Pero como con el escándalo de las ligas de Tenerife, para mantener este entramado mafioso y delictivo se necesita algo más. Es necesaria la colaboración de los que cuentan las historias, de los relatores. Los medios de comunicación son primero los que cuentan u ocultan la información, y después los que te hacen inocente o culpable.

Y muchos medios, entonces, callaron. Y durante estos 30 años también lo han hecho, ocultando la verdad o parte o tergiversando las noticias, como con el saldo arbitral. Y lo que es peor, lo seguirán haciendo. Porque en ello les va el sueldo a muchos, como sabemos por los pagos de Bartomeu a diversos periodistas.

Bartomeu y Laporta

Aquel entramado, que en algún momento debió de empezar a construirse hasta ser perfeccionado, es muy probable que siga hoy vigente. No pudo desaparecer por arte de birlibirloque. Quien estaba acostumbrado a corromper (el Barcelona), es difícil que deje de hacerlo, y menos a la vista del éxito obtenido. Y quien había sido ya corrompido (el estamento arbitral en su gran mayoría), no puede dejar de serlo. No funciona así la naturaleza humana desde que Eva corrompió por primera vez a Adán con la manzana del paraíso.

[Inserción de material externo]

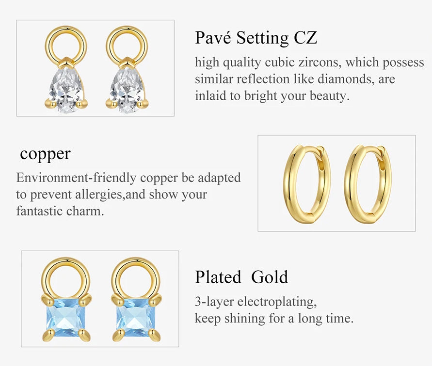 BAMOER σκουλαρίκια κρίκοι YIE262 με 3x σετ charm, κυβική ζιρκόνια, χαλκός, χρυσόΜοντέρνα σκουλαρίκια κρίκοι Bamoer, κατασκευασμένα από χαλκό και διακοσμημένα με αστραφτερή κυβική ζιρκόνια.Διαθέτουν 3 σετ charm με διαφορετικά σχεδία που μπορείτε να τα εναλλάσσετε ανάλογα με την διάθεση και την αρέσκεια σας.Μπορούν να συνδυαστούν εύκολα με άλλα κοσμήματα, να...

Las medidas tendrán que ser draconianas o quedará la mancha del pecado de la corrupción de nuestra liga para siempre

Nuestra Eva y Adán del fútbol español sabemos qué nombres y caras tienen.  Y ahora los estamos viendo desfilar, negando la mayor. Jamás cogieron la manzana prohibida, dicen, y jamás le dieron un bocado, aunque parecía exquisita y apetitosa. Tanto como un sobre repleto de billetes. Y, sin embargo, todos hemos visto la manzana ya mordida a bocados, yaciendo podrida, a la vista de todos.

Ahora toca el destierro del paraíso para lograr la limpieza total de la competición. Y para eso las medidas tendrán que ser draconianas o quedará la mancha del pecado de la corrupción de nuestra liga para siempre.